19年間の不法滞在と外国人労働の実態~中古車輸出業に従事していたスリランカ人逮捕を受けて~
皆さんおはようございます。いつもブログを見ていただきありがとうございます。
新潟市西区のビザ専門行政書士、Asocia行政書士法務事務所です。
2025年8月5日、北海道でスリランカ国籍の男性(47)が入管難民法違反(不法残留)の容疑で逮捕されました。
報道によると、彼は2006年に短期滞在ビザで入国後、約19年間にわたって在留資格を持たずに日本国内で生活していたとみられています。
■事件の概要
この男性は、中古車を海外へ輸出する仕事に従事していたと供述しており、栃木県に居住していたようです。
逮捕のきっかけは、北海道長沼町で仮ナンバー付きの車を搬送中に職務質問を受け、パスポート不携帯だったため、その場で現行犯逮捕となったことでした。
■在留資格がないまま働くとはどういうことか
今回のケースでは、「仕事をしていた=就労できる在留資格を持っていた」というわけではありません。
在留資格が失効した状態での就労は明確な違法行為です。
また、一部報道では、短期滞在で入国してそのまま就労していたという情報もあり、
もし「短期滞在」の在留資格で入国して就労していた場合にも、短期滞在は就労できる在留資格ではないため、不法就労となります。
このように、不法残留や不法就労状態で仕事を続けている外国人の中には、自動車関連や建設業、農業など人手不足が顕著な業種で働くケースが多く見られます。
当事務所にもたまに、「短期滞在で働いている。何とかして就労できる在留資格に変更できないか?」というような相談が寄せられます。(勿論、そのような時には、国に帰りなさいとしか言えないのですが…)
■誰が責任を問われるのか
入管法では、外国人本人だけでなく不法就労を助長した事業者や関係者も罰則の対象です(入管法第73条の2)。
不法就労助長罪の罰則
⇒ 5年以下の懲役または500万円以下の罰金、またはその両方
そのため、雇用側も「知らなかった」では済まされません。
在留カードの確認や資格外活動許可の有無のチェックなど、企業側にも厳格な確認義務が求められます。
しかも、19年間も在留カードの確認をしなかったなどは、普通は考えられません。
今回のケースのように、中古車を海外へ輸出する会社の多くの経営者は外国人の方が多いのが実情です。

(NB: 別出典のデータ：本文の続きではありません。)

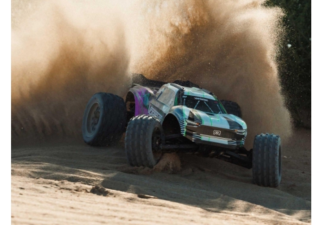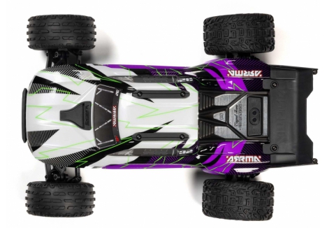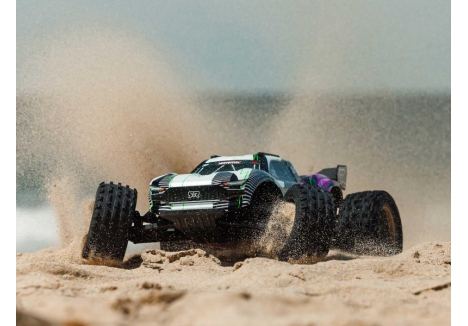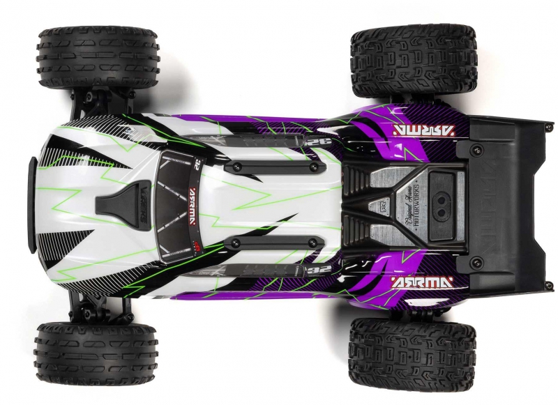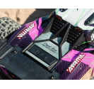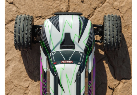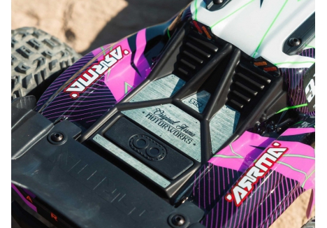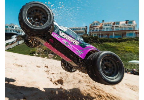 The ARRMA VORTEKS C-ARA3205ST2 features a low-profile stadium truck body that enhances aerodynamics and visual appeal. The body is securely held in place by a hidden retention system, preserving the sleek look while allowing quick access for maintenance. Color-matched wheels and bumpers complement the bold purple finish, while the coilover suspension and multi-spoke wheels reinforce the truck’s rugged build. Whether you're racing through turns or blasting over bumps, the ARRMA electric stadium truck with Smart battery and charger C-ARA3205ST2 ensures you look as good as you drive.

その経営者の多くは、経営管理の在留資格や永住権などの在留資格を持って日本に在留しているので、在留資格については多少なりの知識があり、在留カードの確認や就労できる在留資格については「知らなかった」ではすまされないと考えますので、処罰の対象になり得ると考えます。
■長期の不法在留を防ぐためには
今回のように、19年間も不法に在留していた事実は、入管行政の網をかいくぐって生活基盤を築いていたことを意味します。
外国人本人にとってもリスクの高い状態であり、医療、保険、雇用契約、子育て等の社会保障からも排除された生活を強いられていた可能性があります。
この点について本来、労災保険などは不法就労等であっても加入義務は免られないのですが、今回のケースではどうだったか気になる点でもあります。
行政側には継続的な在留管理の強化が求められるとともに、企業側や市民にも「在留資格の有無」や「就労資格」の理解が必要です。
■行政書士として伝えたいこと
先ほども述べましたが、当事務所に、不法就労状態を解消したいのでどうにかできないか?
というような趣旨の相談があります。
相談者は経営者や、外国人本人だったりと様々ですが、
「不法就労状態を分かった上で雇用している」企業が、一定数存在するのが現状です。
既に不法就労状態であることをどうにか軌道修正することは、
正直私たちにはどうしようもありません。
経営者であれば、入管法を少しでも理解するようにしていただき、自社で不法就労を未然に防止することが大切です。
外国人本人にとっては、手続きの煩雑さや日本語の壁、雇用主との関係性が不法滞在の背景にあることも少なくありません。
しかし、不法状態が長期化するほど、将来的な在留資格の回復や正規化は極めて困難になります。
行政書士として、外国人の方々が正しい手続きを経て、合法的に日本で働けるようサポートすることが重要だと、改めて強く感じました。